Now the web site that BB pointed me to, http://www.archive.org/details/artofbook00holm, doesn't contain any HTML at all. (Alex -- if nothing else, could you convince the Powers That Be at archive.org to at least configure ABBYY to spit out simple HTML as well as bare text? I know it can be done. It's not great, but at least it's a starting point). The site /did/ however contain an ePub version, which as we all know is just zipped up HTML, so I downloaded and extracted that, and that became my base input.
Creating an .ncx file in ePubEditor can be (and in this case was) a two-step process. Long before Adobe shoved the .ncx file down the throats of the IDPF, it was my contention that in the electronic world a "Table of Contents" is not a table at all, but rather a "List of Contents." Thus, in HTML a "Table of Contents" is most appropriately expressed as <ol> or <ul> elements, not as a <table>, and certainly not as a sequence of <p>s or <div>s. Interestingly, in ePub 3.0 the .ncx file has been deprecated in favor of HTML lists.

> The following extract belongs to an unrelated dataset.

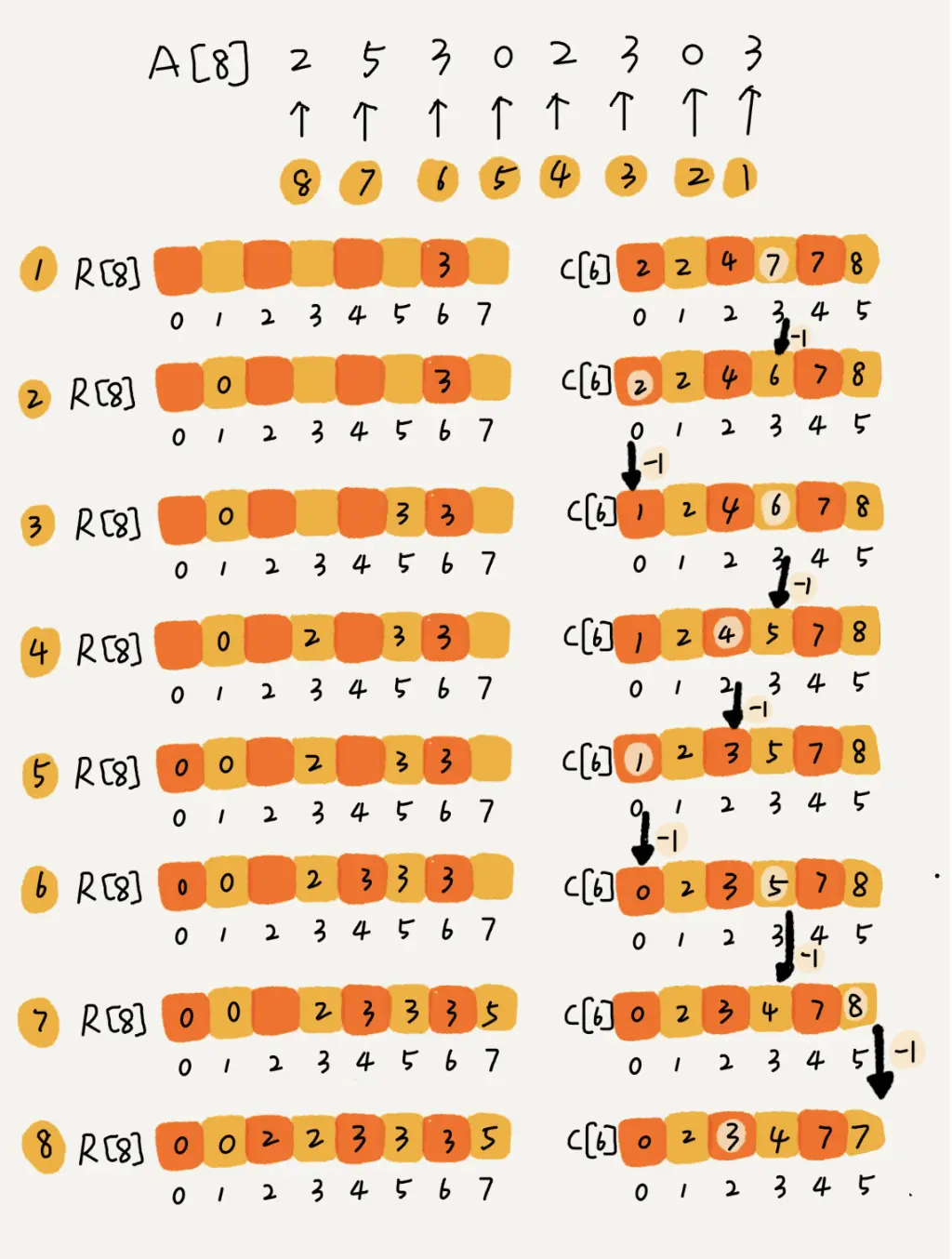 // 计算排序的关键步骤,有点难理解

ePubEditor's "CreateNCX" function relies on the existence of an Table of Contents made up of one or more lists, optionally nested. This file may be created by hand, and in the case of small works it is trivially easy to do so. All that is necessary is to create a numbered (<ol>) or unnumbered (<ul>) list with anchor elements inside the list item (<li>) elements. Of course, the new TOC file must be added to the publication and the manifest list. ePubEditor uses the publication's <guide> section to discover the HTML TOC file, so if you want to take advantage of the "CreateNCX" function, you must add a reference to the file in the Guides section with a type of "toc." If the HTML TOC is well-formed, you should be able to create an .ncx file with two mouse clicks.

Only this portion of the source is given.